Trasparenza Salariale: di cosa si tratta?

“Lo sportello di Notizie”: l’avvocato giuslavorista Barbara Manferdini risponde alle domande dei lettori su questioni inerenti il vivere quotidiano

Mi rivolgo alla Redazione per avere delucidazioni in merito alla cosiddetta Trasparenza salariale di cui tanto si sente parlare. Grazie Lettera firmata Gentile Lettore, con la Direttiva 970 del 10 maggio 2023 l’Unione Europea prosegue sulla strada di eliminazione di ogni tipo di ostacolo alla realizzazione della Parità di Genere. Nello specifico, la Direttiva si focalizza sulla questione salariale e i divari che ancora caratterizzano il mercato del lavoro nei Paesi membri tra l’occupazione femminile e quella maschile. Gli Stati membri hanno tempo sino a giungo 2026 per recepire la Direttiva: tuttavia, seppur in assenza di una norma nazionale, gli impatti applicativi sulle imprese iniziano a prodursi già da ora in attesa di conoscere i termini e le modalità attraverso i quali, il nostro Paese, recepirà la Direttiva medesima.

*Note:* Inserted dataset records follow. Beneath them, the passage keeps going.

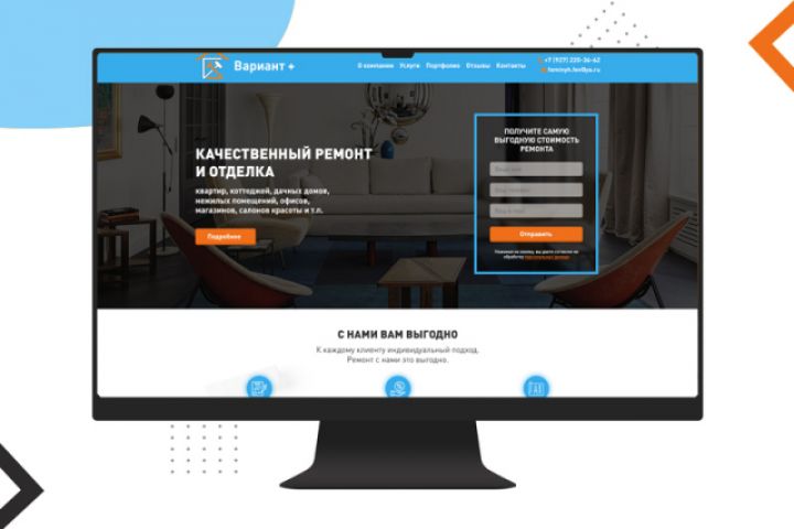 Для проекта «Вариант + - Ремонт помещений» разработана целевая страница — LandingPage. В работу входило создание дизайна, произведена адаптивная вёрстка и посадка на CMS WordPress.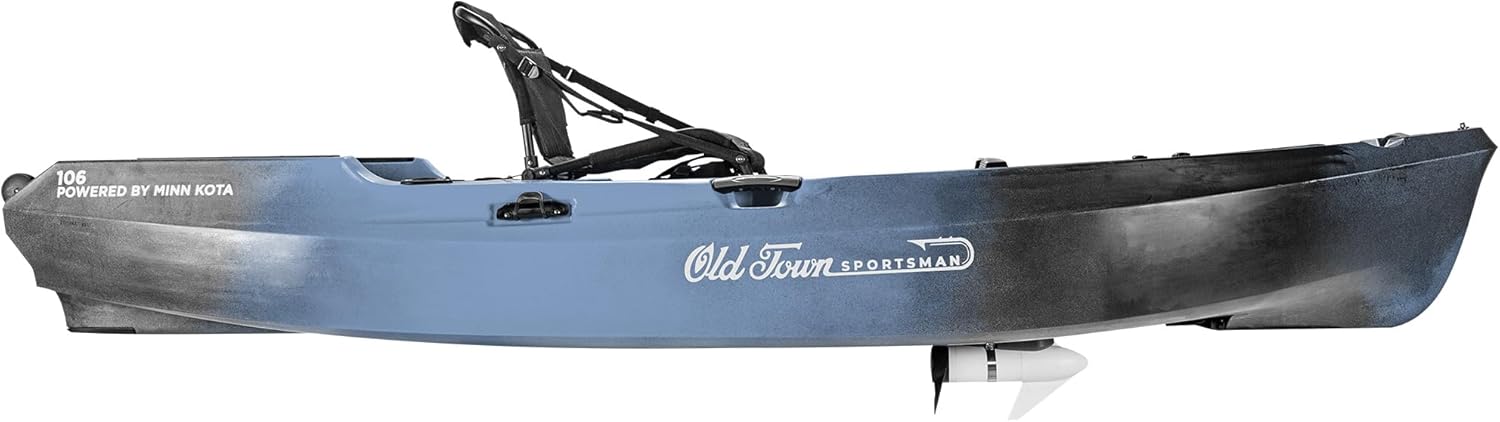 Equipped with a saltwater-ready trolling motor, the Old Town Sportsman 106 Powered by Minn Kota motorized kayak offers Minn Kota’s low-profile 12-volt motor with 45 pounds of thrust. Motor battery is not included.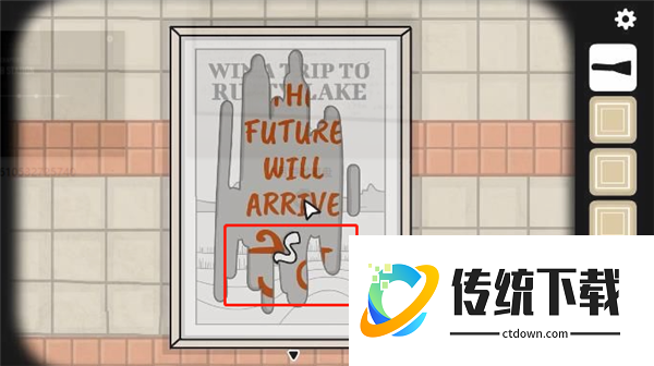 6、在婴儿车旁边的场景里有一张海报,用铲子把海报刮烂,就看到“THE FUTURE WILL ARRIVE”,也就是未来即将到来的意思。然后海报底部会出现一个神秘符号。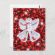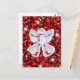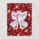 This winter postcard features a cute snowman making a snow angel on a red confetti heart background. -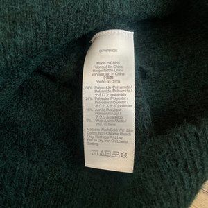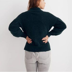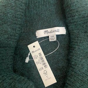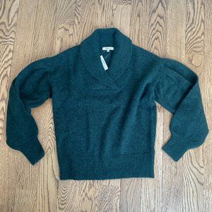 New with tags (NWT). Madewell Vinson Shawl-Collar Sweater. Color is "heather bottle" - a deep forest green. Size is Extra Extra Small (XXS). This cozy pullover sweater has a cross-over shawl collar with V-neck, pleated balloon sleeves, relaxed fit, and wool blend for warmth (Polyamide/polyester/acrylic/wool). MRSP $110.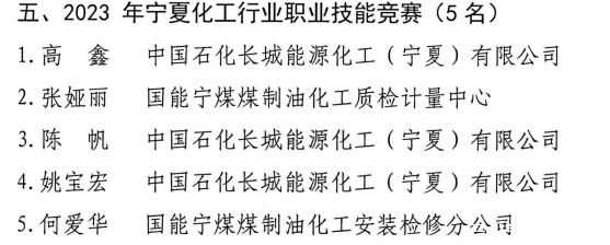 2023年12月27日“自治区人力资源和社会保障厅关于对2023年度职业技能竞赛成绩优异选手认定为自治区技术能手的通知”(宁人社函【2023】375号)文件中,我校安全技术与管理专业群18级应用化工技术专业毕业生高鑫、18级煤化工技术专业毕业生陈帆在2023年宁夏化工行业职业技能竞赛中代表中国石化长城能源化工(宁夏)有限公司参赛队比赛,分别获得化工总控工和工业废水处理工个人成绩第一名,根据《宁夏职业技能竞赛管理办法》被授予且认定为“自治区技术能手”,并破格晋升为技师且被公司聘任为技师职位,享受技师工资补贴待遇,至此,双高建设三年来,我校安全技术与管理专业群“职业技能竞赛团队”的毕业生实习就业后,以扎实的专业知识、精湛的专业技能、良好的竞赛素养,经过企业层层严格选拔,最后脱颖而出,先后入选中国石化长城能源化工(宁夏)有限公司、国家能源集团宁夏煤业集团公司、四川泸天化集团宁夏和宁化学有限公司等企业代表队奋战在全国石油化工行业职业技能大赛、宁夏化工行业技能大赛、国家能源集团技能大赛、四川省化工行业技能大赛等企业国赛、省赛、企业技能大赛赛场,先后获得全国石油化工行业职业技能大赛化工总控工二等奖2人、三等奖3人、国家能源集团技能大赛化工总控工三等奖3人,宁夏化工行业技能大赛化工总控工一等奖2人、二等奖1人、三等奖3人,工业废水处理工一等奖1人,四川省化工行业技能大赛化工总控工二等奖1人,三年来共获得“自治区技术能手”3人、国家能源集团“青年岗位技术能手”1人,国家能源集团宁夏煤业集团公司“宁煤工匠”1人,国家能源集团宁夏煤业集团公司“青年岗位技术能手1人”,“宁东工匠”1人,bv伟德国际官方入口化工专业毕业生厚植“三种精神”,传播大赛文化,秉承“一技在身、技行天下”的职业信仰,以“敢于拼搏,勇于创新、实干兴企”的新时代化工产业工人的良好风貌诠释了“技能宝贵、劳动光荣、创造伟大“的”技能强国有我”的“bv伟德国际官方入口学子风采”,值此元旦佳节来临之际,向母校全体师生报喜,并感谢bv伟德国际官方入口工业工程学院化工老师们的辛勤培育和“周洁技能大师工作室”校企混编大师团队们的一路培养指导和谆谆教诲,我们定将不负众望,在岗位上孜孜追求,不忘初心,再接再厉,继续奋斗前行。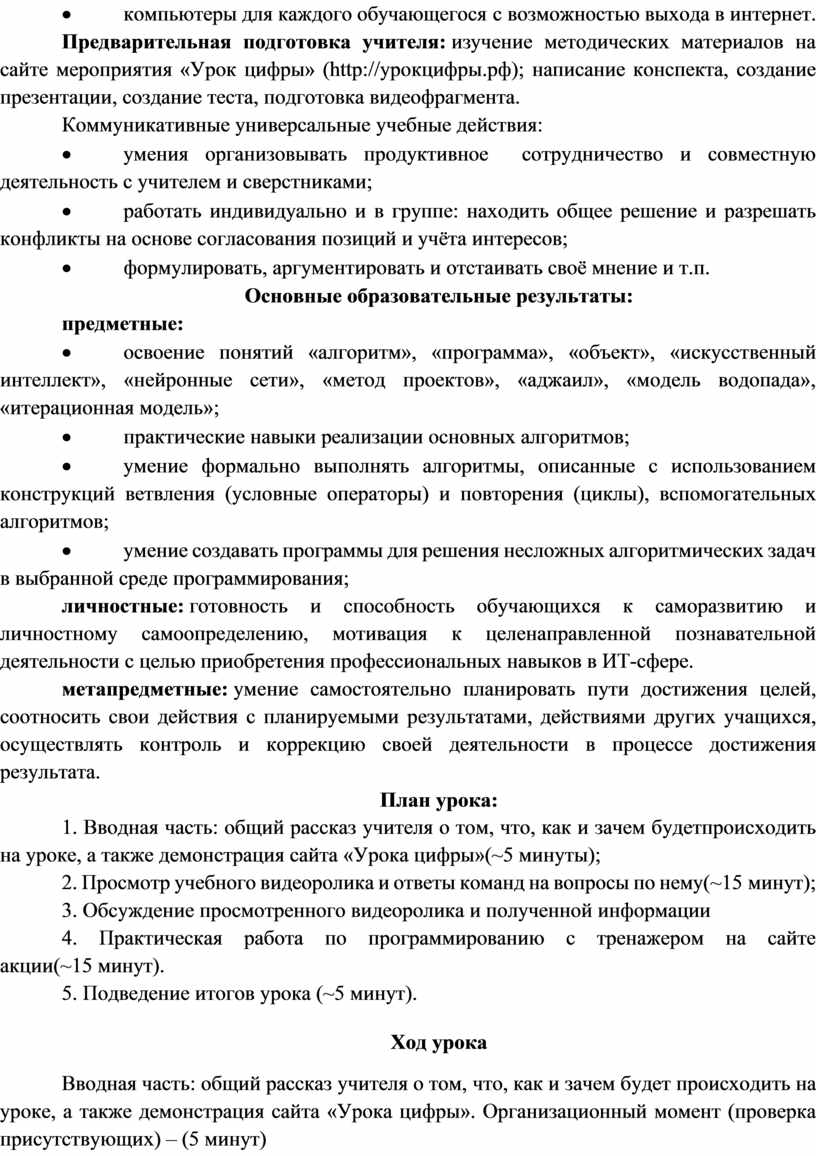 Предварительная подготовка учителя: изучение методических материалов на сайте мероприятия «Урок цифры» (http://урокцифры.рф); написание конспекта, создание презентации, создание теста, подготовка видеофрагмента.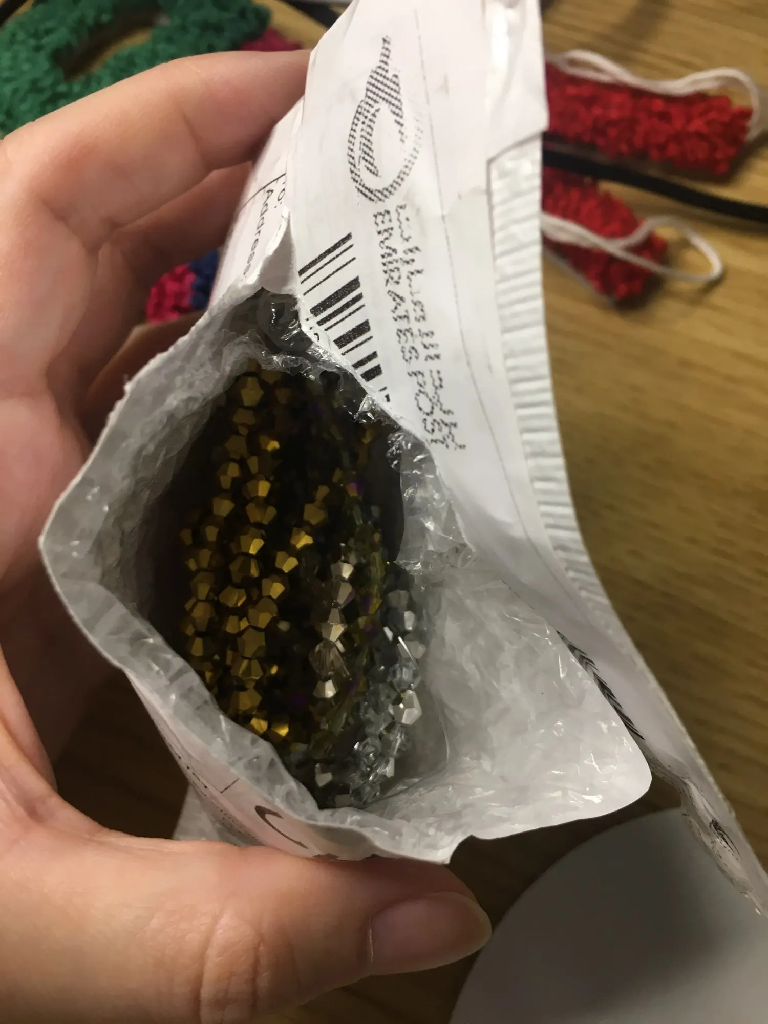 Что называется наконец то дождалась, думала вообще не придёт посылка. Бусины классные, рекомендую, если бы не очень долгая доставка

Per comprendere la portata attuale dell’impianto normativo e gli scenari futuri, occorre esaminare i punti salienti della Direttiva che segnano già il percorso che le aziende dovranno seguire, in pratica, a partire dal prossimo gennaio 2026. Entrando nello specifico e procedendo schematicamente, la Direttiva, che si applica a tutti i datori di lavoro pubblici e privati, prevede innanzitutto dei precisi obblighi cui questi dovranno adeguarsi. Le imprese dovranno organizzarsi per recepire l’“Adeguamento ai principi di Trasparenza Salariale”. Tutti i datori di lavoro saranno obbligati ad adeguarsi ai principi di Trasparenza Salariale attraverso i quali dovranno essere resi noti i criteri delle politiche retributive aziendali e ciò sia per il personale già in forza, sia nella fase di reclutamento e selezione di nuovo personale.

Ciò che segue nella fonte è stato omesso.